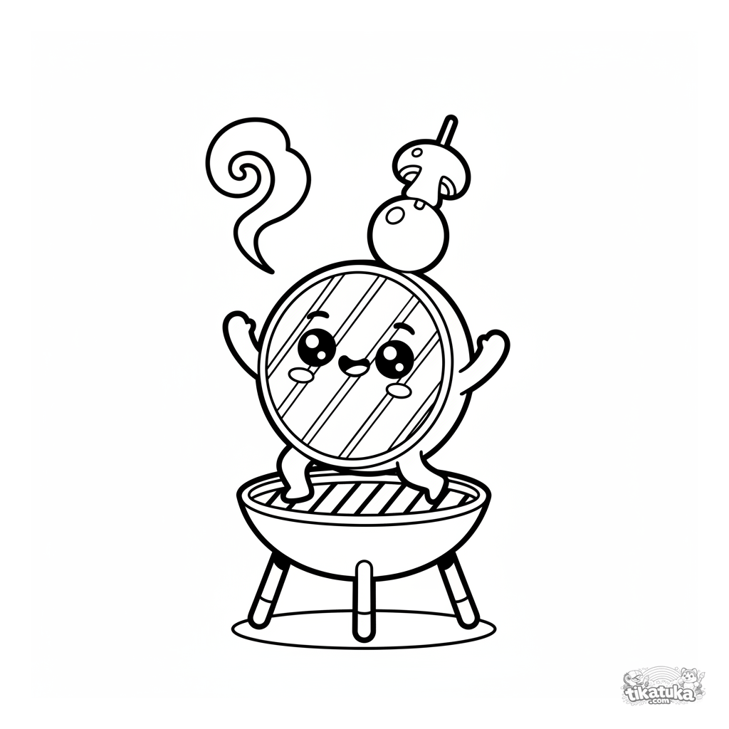 Página simples para colorir para crianças 2-3: um espetinho de abobrinha feliz dança em uma grelha de jardim. Formas grandes, poucos detalhes.
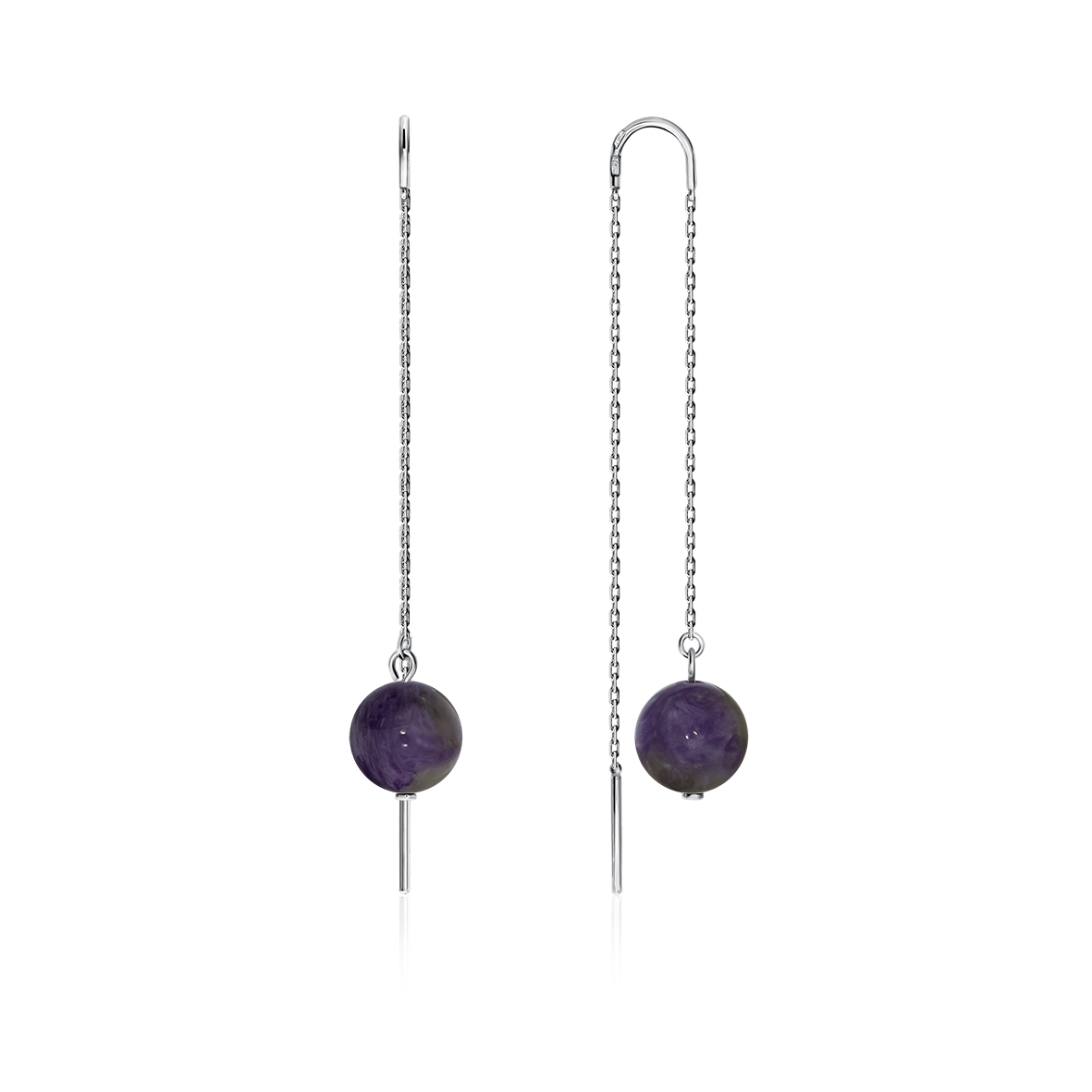 Серьги для женщин из серебра 925 пробы с чароитами из коллекции Bubbles артикул 2340460711-2 от компании KRASNOE
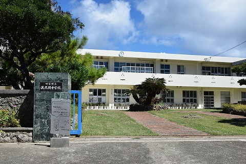 | 波照間中学校。 →の写真と同じ建物。 入口の左右に銘板があり、左が中学校で右が小学校。 |
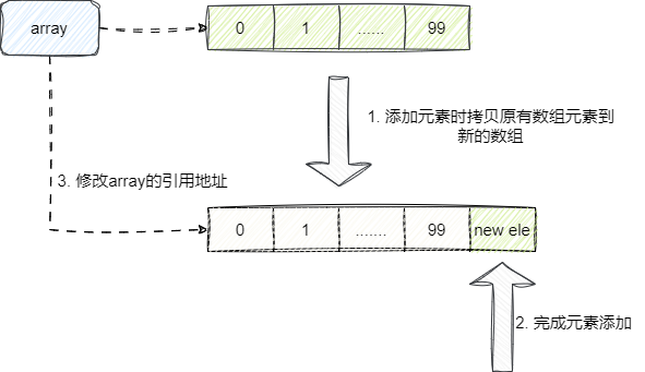 Object[] newElements = Arrays.copyOf(elements, len + 1);

________________________

**Problem description**. Top to bottom, retype the listing exactly but drop every picture.

**Task response**.
 Página simples para colorir para crianças 2-3: um espetinho de abobrinha feliz dança em uma grelha de jardim. Formas grandes, poucos detalhes.
 Серьги для женщин из серебра 925 пробы с чароитами из коллекции Bubbles артикул 2340460711-2 от компании KRASNOE
 | 波照間中学校。 →の写真と同じ建物。 入口の左右に銘板があり、左が中学校で右が小学校。 |
 Object[] newElements = Arrays.copyOf(elements, len + 1);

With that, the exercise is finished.